The danger of pseudoscience endorsement by celebrities lies in their access to a huge audience. They directly influence how their followers understand health and how they embrace unscientific and even harmful treatments, behaviors, and products.
Pseudoscience fills an available niche
Every field of science has unanswered questions and gaps in our knowledge. While scientists view questions as an opportunity for new research, others fill the vacuum with pseudoscience, reminiscent of the God of the Gaps fallacy [7]. Pseudoscience has found its way to academia and conventional medicine because ambiguity is not embraced.
Miracle cures have exploited the gaps in scientific research. The spectrum of miracle cures [8] ranges from ineffective to deadly. Cannabidiol oil (CBD) is one example of a panacea miracle product that can allegedly treat a wide range of health issues including cancer, schizophrenia, insomnia, and anxiety disorders. The evidence [9] for CBD oil remains inconclusive, yet it is sold by hundreds of active producers and sellers in the market.

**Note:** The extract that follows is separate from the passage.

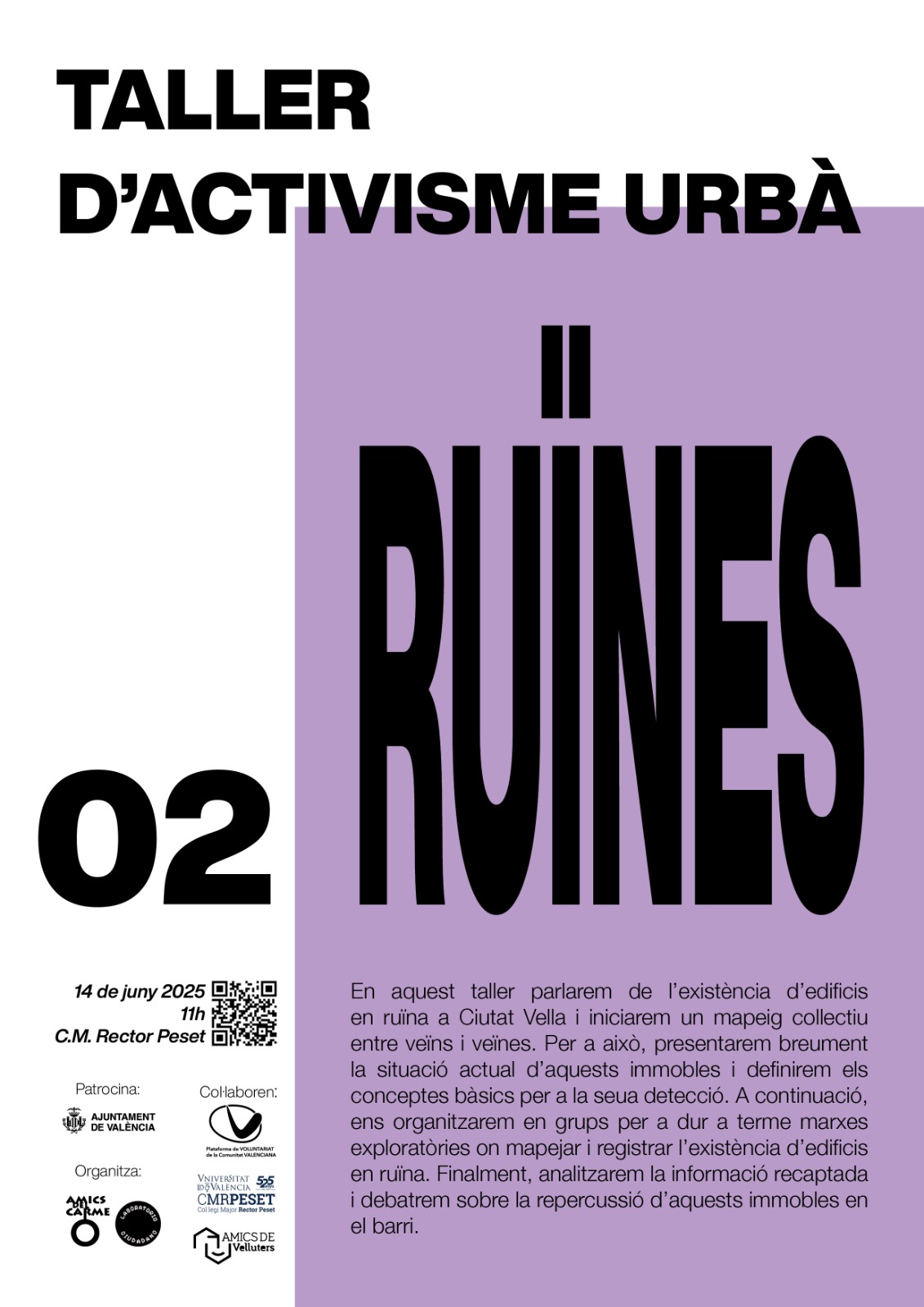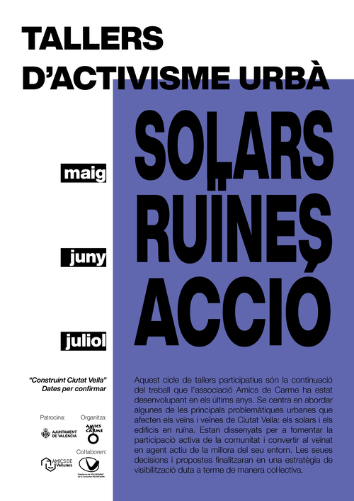 T’esperem el dilluns 14 d’abril a les 18.00 h en la seu d’Amics del Carme (C/ Alta, 51) per a presentar-te el projecte, compartir els primers passos, i explicar-te els tallers participatius que arribaran en les pròximes setmanes.

Oftentimes, people use the fact that conventional treatments fail or point to the rapacious business practices of pharmaceutical companies to justify pseudoscientific therapies. This mindset fails to realize that the shortcomings of the medical system do not justify embracing pseudoscientific treatments and unproven therapies as legitimate alternatives.
Pseudoscience persists
Pseudoscience tends to persist in the pool of common knowledge. It can effectively spread, even when corrected, debunked, or refuted, as in the case of the retracted paper that sparked the modern anti-vaccination movement. Historically, vaccines have saved millions of lives. Yet, the conspiracy theory that vaccines cause autism in children persists. Similar debates over climate change, GMOs, or fluoridation remain heated topics in the media. Many still think astrology is a science despite the absence of any evidence to support such claims.
Such stories help people tie information together and provide meaning to the scientific jargon that is often misunderstood. Stories connect people through shared experiences. Even after corrective information has been received, misinformation and conspiratorial thinking continue to influence people’s thinking.
Pseudoscience mimics some facets of science while fundamentally contradicting the scientific method. It can be challenging, particularly if one does not have a solid background in science, to understand or interpret scientific results. One reason is that pseudoscience shares the ‘surface properties’ [10] of science, but not its ‘depth characteristics’ such as verifiability, falsifiability, and progressiveness. This has obscured the line of demarcation between science and pseudoscience.
Conclusion
Highlighting pseudoscience, explaining why it is inherently faulty, and assisting people in distinguishing science from pseudoscience is more crucial than ever. The infodemic the world is experiencing demands standing up for scientific truth. Sadly, opinions and anecdotes are valued more than well-established results when it comes to evaluating assertions.
While pseudoscience masquerades as science, it must be debunked at every chance. Debunking pseudoscience indirectly serves a more fundamental purpose: it emphasizes what the scientific process really is.
References
[9] Hazekamp, Arno. 2018. “The Trouble with CBD Oil.” Medical Cannabis and Cannabinoids 1 (1): 65–72.